First diverless tie-in completed for Shell Expro
Sonsub's diverless flowline connection system (DFCS) successfully completed a 6-in. flexible flowline tie-in on the Osprey P8 wellhead for Shell UK E&P (Shell Expro). The operation was a "first-of-a-kind" for Shell Expro, according to Sonsub, since divers have completed all previous flexible flowline tie-ins. Sonsub's work class remotely operated vehicle DFCS was used on the project. The ROV allowed the system to be operated from the S-712 drilling rig during operations. This avoided the extra cost of securing a diving support vessel, which would necessarily make the operation more weather-dependent.
Other savings were gained by reducing interfaces into Shell's permanent hardware, which impacted the flowbase design/fabrication costs.
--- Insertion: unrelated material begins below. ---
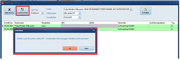 Zahlläufe, die noch nicht umgebucht wurden können problemlos gelöscht werden.

Shell Expro has now selected DFCS interfaces as a standard for future flowbases requiring diverless flexible flowline tie-in operations.
Na Kika to be moored in record depths
ScanRope AS of Tonsberg, Norway has received confirmation from Shell that it was selected to manufacture and supply the steel strand mooring lines and accessories for Shell's Na Kika floating production unit in the Gulf of Mexico. The contract, including spare segments, will require about 3,000 metric tons, which makes it the largest single mooring contract to date for any manufacturer.
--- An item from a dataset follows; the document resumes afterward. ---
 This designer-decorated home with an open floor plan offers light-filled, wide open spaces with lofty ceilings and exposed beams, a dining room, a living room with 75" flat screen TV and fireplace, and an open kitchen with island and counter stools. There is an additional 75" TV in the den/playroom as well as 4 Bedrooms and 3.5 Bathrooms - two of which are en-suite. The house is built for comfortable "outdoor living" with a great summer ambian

Because the Na Kika semisubmersible will be moored in 6,400-ft water depths, it will represent a record depth for a moored production system. The design of the mooring lines includes heavy-duty plastic jacketing. This will ensure the required lifetime capacity of at least 20 years. This jacket is applied in line at ScanRope's facility and the steel strands will be manufactured at ScanRope's production line in Tonsberg. The facility provided mooring lines for Åsgard B, Åsgard C, and Snorre B, all on the Norwegian continental shelf. Na Kika is the company's first contract in the US market for this particular product type. ScanRope said it considers the Gulf of Mexico to be the most promising market for deepwater permanent mooring systems in the years to come. Delivery of the mooring lines will be March 2002, aboard one vessel.